Treatment of VMs depends on the localization, extension, associated complications, esthetic prejudice, team experience and on technical availability.[6,7] It aims at curing VMs definitively and reducing symptoms. VMs management can be conservative using either sclerotherapy or laser.[4,6] Sclerotherapy is the mainstream treatment of VMs; it is used alone in small forms, or preceding surgical resection. It also helps to treat pain. However, it is associated with a risk of recurrence mainly related to the VM size and extension. Sclerotherapy can cause allergic reactions and local necrosis.

Surgical management is mainly indicated in deep small and well-limited VMs and in the case of esthetic and functional complications. It can also be considered in large VMs with well-definite limits are MRI. It can be proceeded by sclerotherapy to reduce the size of extensive and deep VMs and reduce perioperative bleeding. Surgical treatment can result in an important perioperative bleeding requiring multiple transfusions.[6,15] However, complete resection is rarely achievable and can be associated with a higher risk of disfigurement and injury to surrounding structures.

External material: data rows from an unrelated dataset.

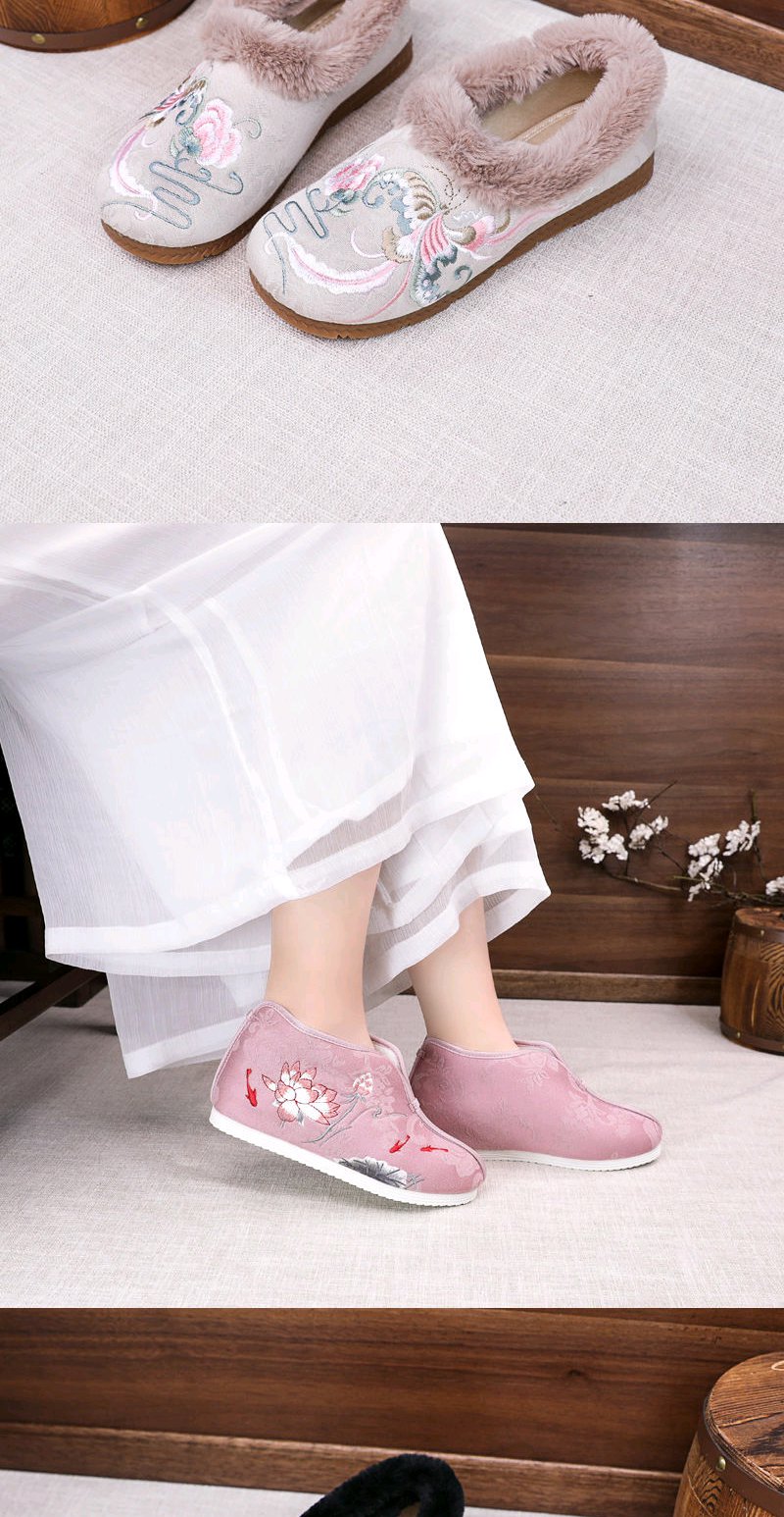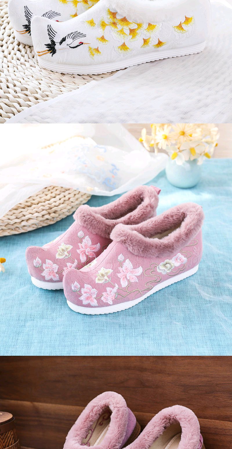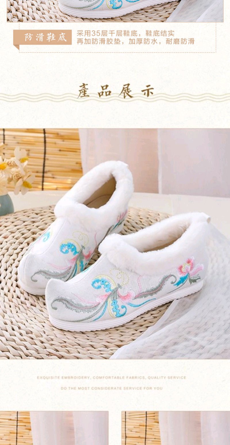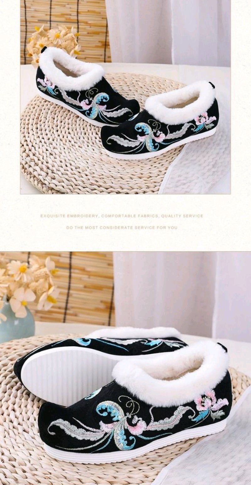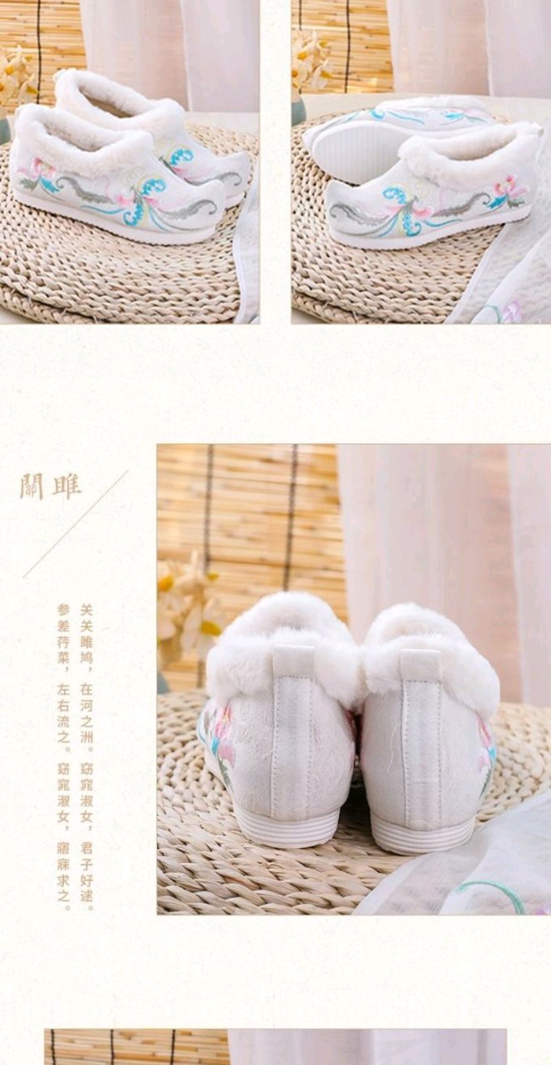 古风汉服鞋子女冬季加绒加厚内增高翘头汉鞋女学生保暖绣花鞋棉鞋
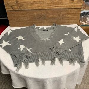 Trendy gray sweater with white star pattern. Features a distressed design. Perfect for casual wear. Definitely would fit up to an XL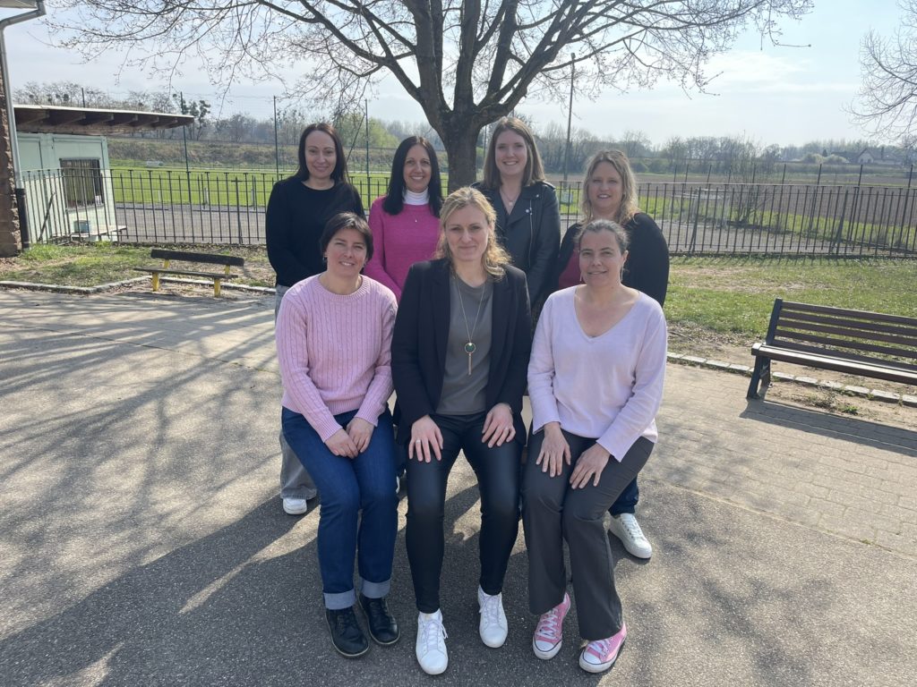 au 2ème rang : Géraldine MULLER (ATSEM), Annick KITTEL, Camille FOURNAISE et Laetitia STEINMETZ.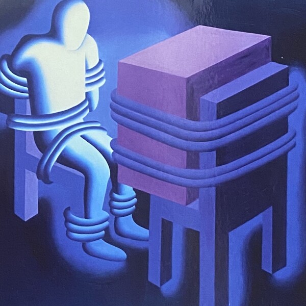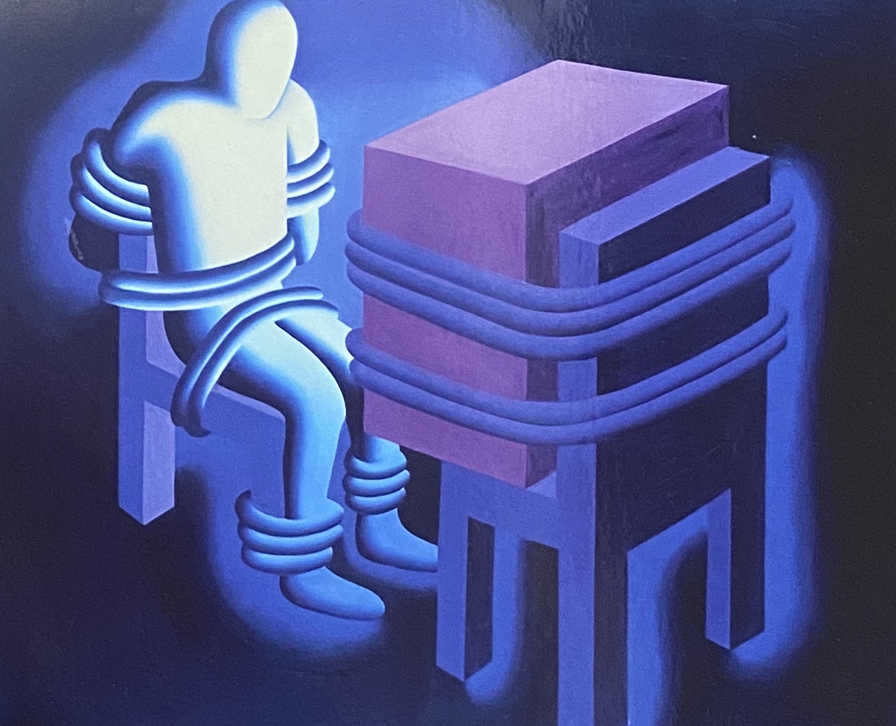 (Mark Kostabi). Mark Kostabi at the Tamara Bane Gallery, [Los Angeles, California], December 31, [1988] to February 2, 1989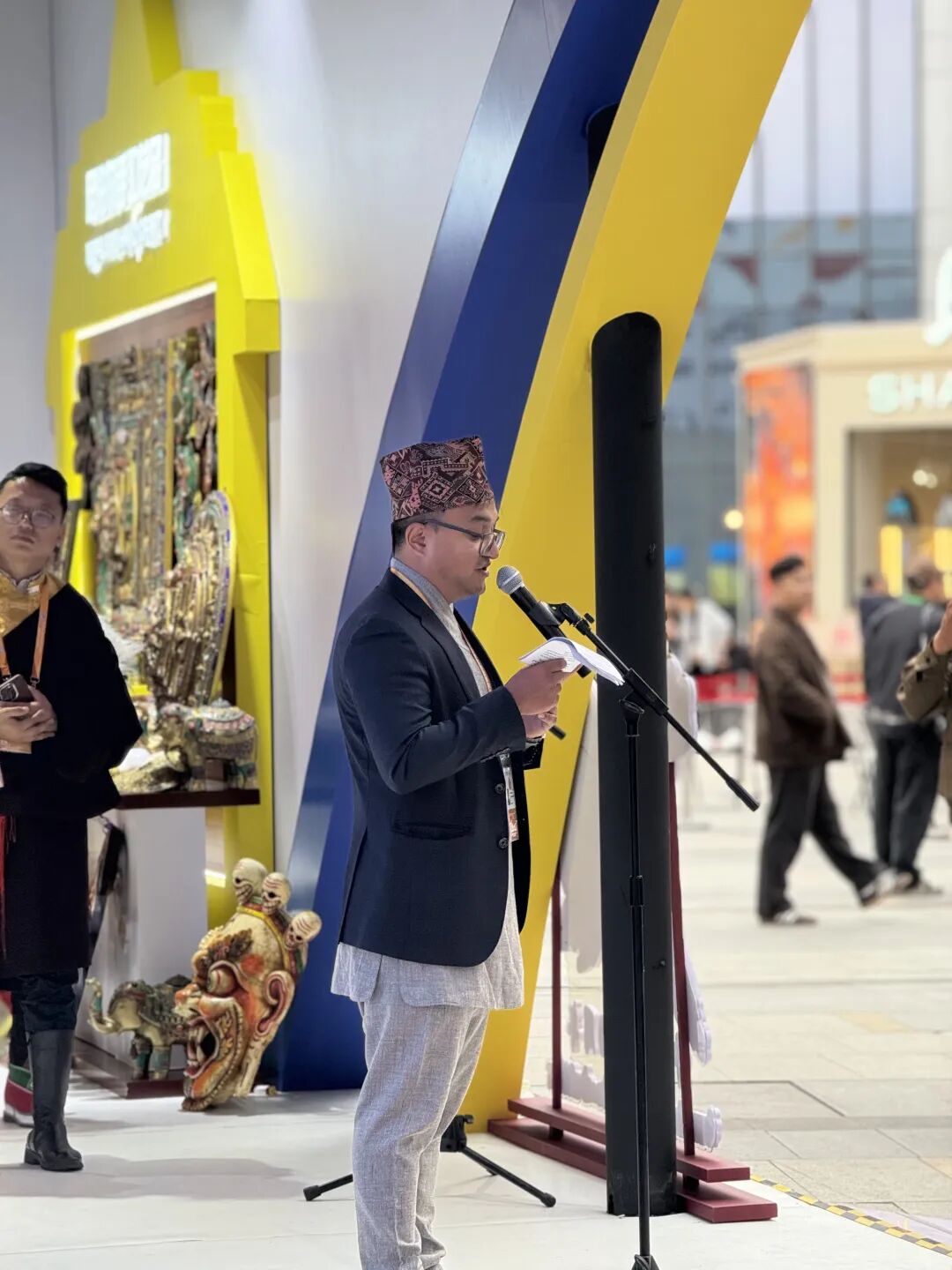 负责人次仁多杰向记者介绍,展馆内共设有“主舞台区”“拉萨好物展示区”“友城展示区”“拉萨南亚跨境电商产业园专区”及“拍照打卡区”等五大功能区。中尼双方共组织了13家企业、1个功能园区参展,携带百余件展品,展品涵盖了西藏特色农牧产品、手工艺品以及尼泊尔进口商品等领域。在展馆内,中国与尼泊尔的非遗传承者还与来宾积极互动,传播独特的文化体验。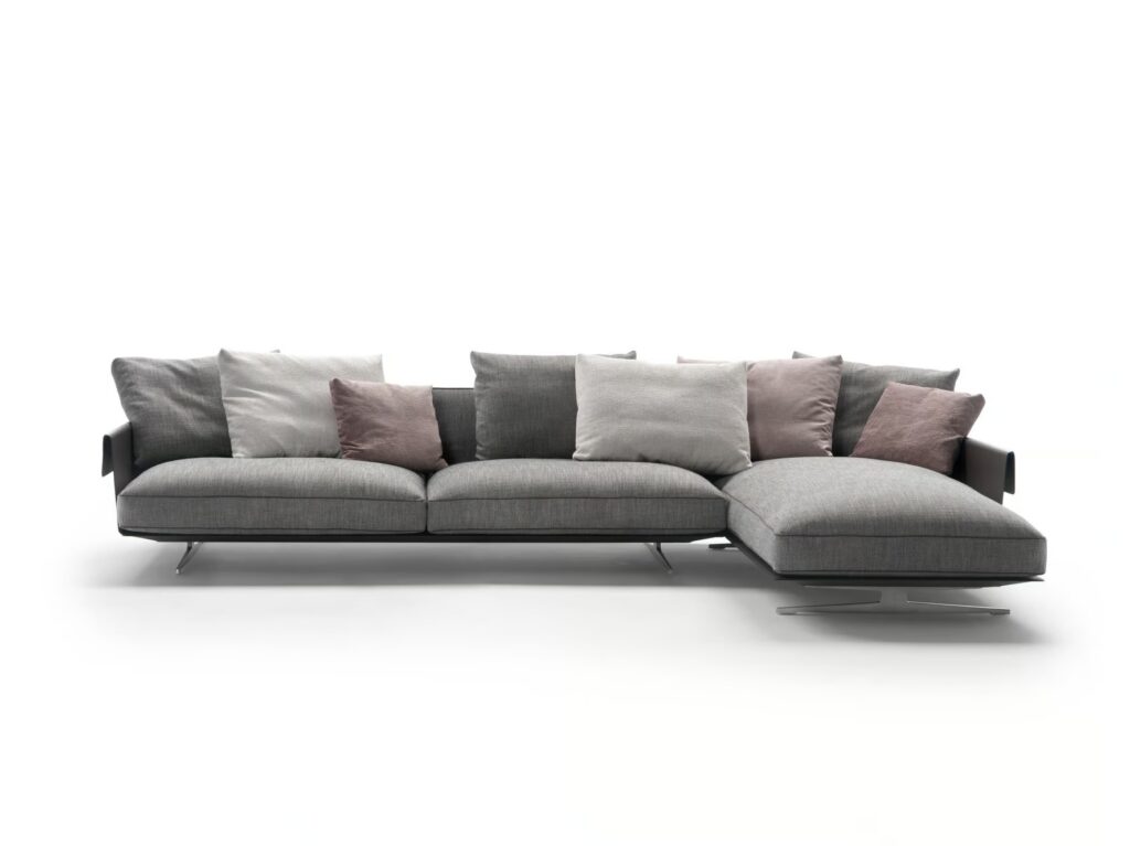 Das Sofa ruht auf einem eleganten Metallgestell, das ebenfalls mit Leder bezogen ist, während die Füße aus Aluminiumdruckguss ein strenges Design zeigen und in einer Vielzahl von raffinierten Ausführungen erhältlich sind.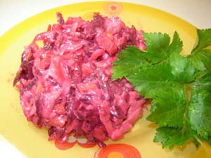 250 г любой рыбы, 3 ст. л. панировочных сухарей, 2 свёклы, 1 соленый огурец, 1 яблоко (лучше зеленое), 100 г сметаны, 3-4 ст. л. растит. масла, соль по вкусу. Рыбу обжарьте в панировочных сухарях до готовности, остудите, измельчите вилкой. Свёклу нарежьте тонкой соломкой. Потушите в растит. масле до готовности, добавьте к рыбе. Добавьте к ним мелко накрошенный огурец и натёртое на тёрке яблоко. Тщательно всё перемешайте и заправьте сметаной.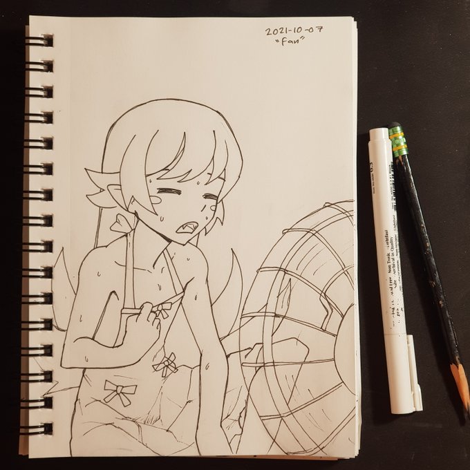 Inktober day 7: Fan Sunny days are the enemy of vampires #inktober2021 #inktober2021day7 #忍野忍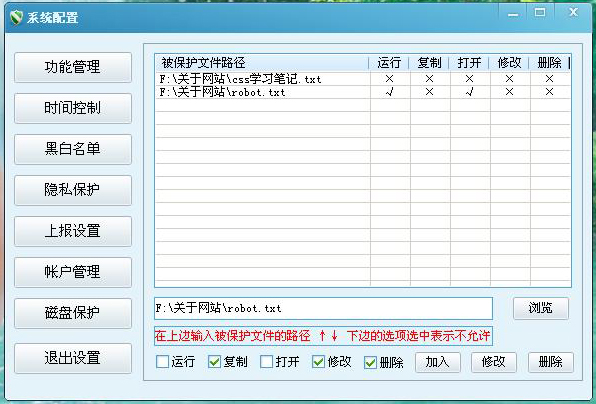 禁止运行、禁止复制、禁止打开、禁止修改、禁止删除。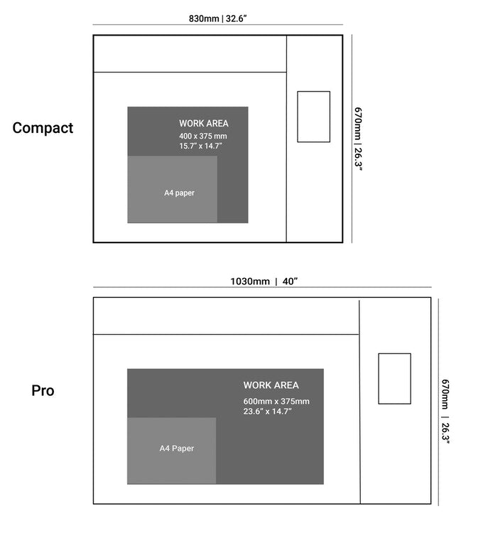 Det vänliga priset och den kompakta designen gör Beambox Pro lämplig för alla hem, skolor eller småföretag. Med sin storlek (25 x 103 x 67 cm) är den den kraftfullaste laserskäraren/gravören för skrivbordsbruk i FLUX-familjen.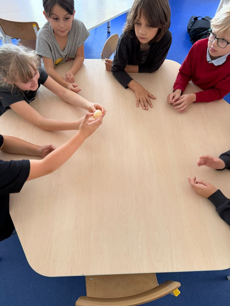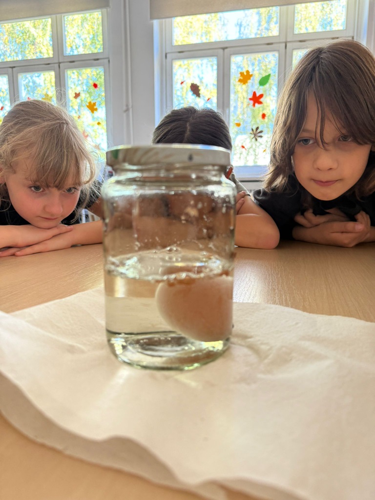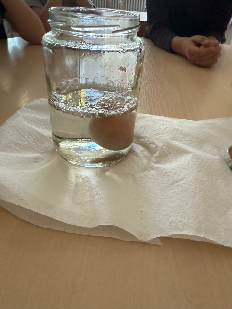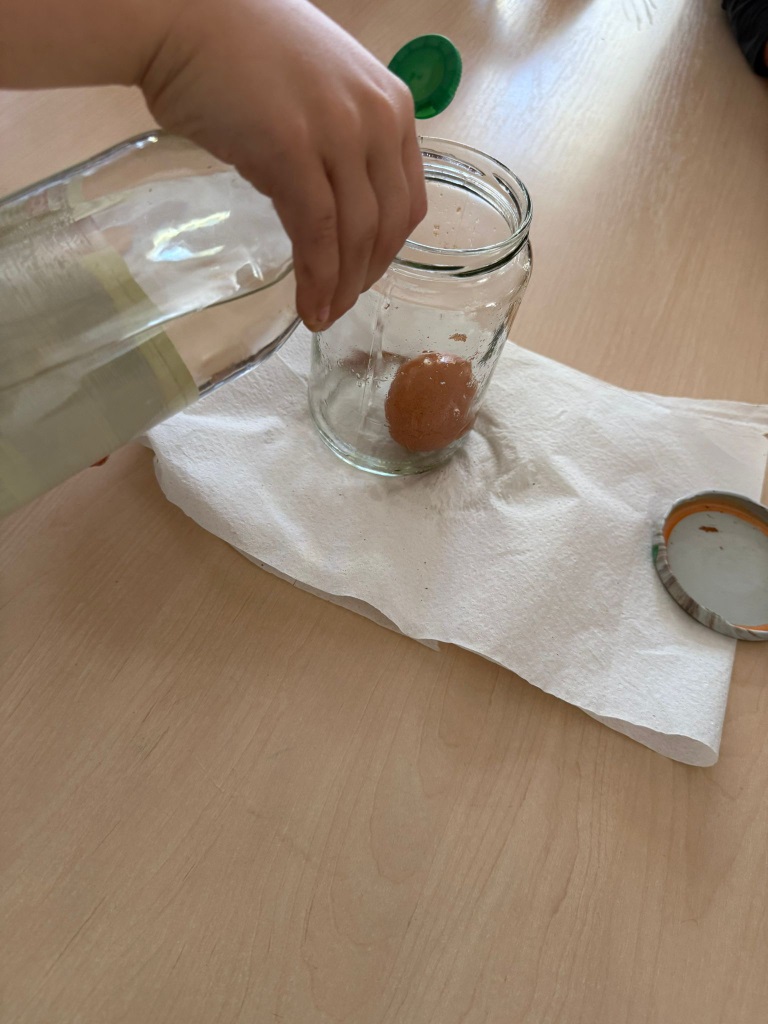 Skaczące jajko: surowe jajko w słoiku zanurzone w occie na 24h. W trakcie reakcji chemicznej węglan wapnia ze skorupki jajka rozpuszcza się pozostawiając jedynie elastyczną błonę pod spodem.

Recurrences are possible in the case of incomplete resection, requiring repeated procedures. In the case of our patient, due to diagnosis uncertainty, the size of the mass, its extension, the esthetic prejudice and its well-limited borders, we opted for a surgical treatment. It was efficient without recurrence after a follow-up period of 5 months.

Conclusion

VMs occurring in the head and neck region can be associated with an extension toward the adjacent structures. However, a cervical localization of a VM with an endocranial extension is a very rare occurrence. Clinical presentation of VMs depends on the depth, the size and the local extension of the mass. Diagnosis is mainly established based on history and clinical examination while imaging can be necessary in deep forms. Treatment tends to cure VMs and to reduce symptoms; it can be either conservative based on sclerotherapy or surgical. Treatment modalities are related to the size, the extension to the surrounding structures, the esthetic prejudice and the technical availability. Due to its rarity, the treatment of a VM with an endocranial extension is not well defined in the literature. Surgical resection can be efficient in large, well-limited and extensive forms.